The only possible difference between the first two is when you use them in expressions:
my_ptr->num = 0;
int x = my_ptr->num++; // x = 0
my_ptr->num = 0;
int y = ++my_ptr->num; // y = 1
If your only intention is to increment the value of num then the 1st and 2nd method will yield same intented result to the callee method.

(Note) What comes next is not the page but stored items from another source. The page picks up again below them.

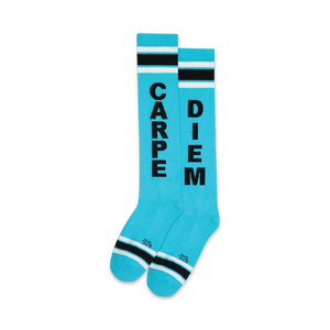 Kick your wardrobe into high gear with our super rad Carpe Diem knee-high XL socks! Decked out in blue with snazzy black and white stripes at the top, these socks feature the inspiring words 'Carpe Diem' in bold black. Wear them and feel the rush of adventure surge through your veins as you seize each day with unparalleled passion. These toe-riffic socks fit both men and women, so whether you're conquering mountains or tackling your to-do list, they will keep your feet feeling fly and focused. Don't miss out on these nifty socks that are equal parts fun and motivational - add them to your fashion arsenal today!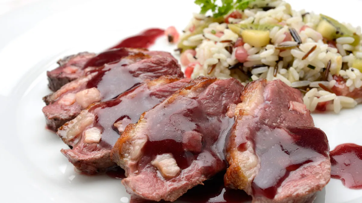 Receta de Karlos Arguiñano de magret de pato mechado acompañado de frutas y arroz salvaje, un plato ideal para Navidad.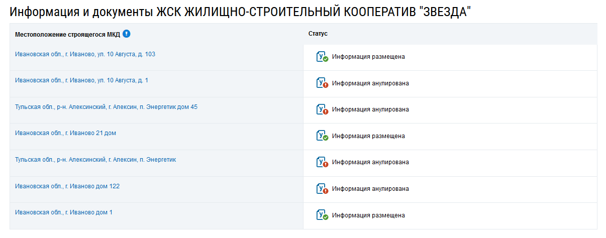 Отображается страница Информация и документы ЖСК, содержащая список строящихся МКД.

However, if you change your code to the following, you can see the difference between the code generated by gcc (assembly level code):
struct my_struct
{
int num;
};
void foo(struct my_struct* my_ptr)
{
printf("\nPost Increment: %d", my_ptr->num++);
}
int main()
{
struct my_struct a;
a.num = 10;
foo(&a);
}
Now compile it using: gcc -masm=intel -S structTest.c -o structTest.s
This asks gcc to generate the assembly code:
Open structTest.s in a text editor.
foo:
.LFB0:
push rbp
mov rbp, rsp
sub rsp, 16
**mov QWORD PTR [rbp-8], rdi**
mov rax, QWORD PTR [rbp-8]
mov eax, DWORD PTR [rax]
mov edx, eax
**lea ecx, [rax+1]**
mov rax, QWORD PTR [rbp-8]
mov DWORD PTR [rax], ecx
mov eax, OFFSET FLAT:.LC0
mov esi, edx
mov rdi, rax
mov eax, 0
call printf
leave
ret
.cfi_endproc
main:
.LFB1:
push rbp
mov rbp, rsp
sub rsp, 16
**mov DWORD PTR [rbp-16], 10
lea rax, [rbp-16]
mov rdi, rax
call foo**
leave
ret
.cfi_endproc
And when you change the operation to pre-increment, the follwoing code is generated:
foo:
.LFB0:
.cfi_startproc
push rbp
mov rbp, rsp
sub rsp, 16
**mov QWORD PTR [rbp-8], rdi**
mov rax, QWORD PTR [rbp-8]
mov eax, DWORD PTR [rax]
**lea edx, [rax+1]**
mov rax, QWORD PTR [rbp-8]
**mov DWORD PTR [rax], edx**
mov rax, QWORD PTR [rbp-8]
**mov edx, DWORD PTR [rax]**
mov eax, OFFSET FLAT:.LC0
mov esi, edx
mov rdi, rax
mov eax, 0
call printf
leave
ret
.cfi_endproc
So, you would see that in the second case, the compiler increments the num value and passes on this num value to printf().
In terms of performance, I would expect the post-increment to be more efficient since the memory locations are touched a fewer number of times.
The important lines have been marked between ** in the above code.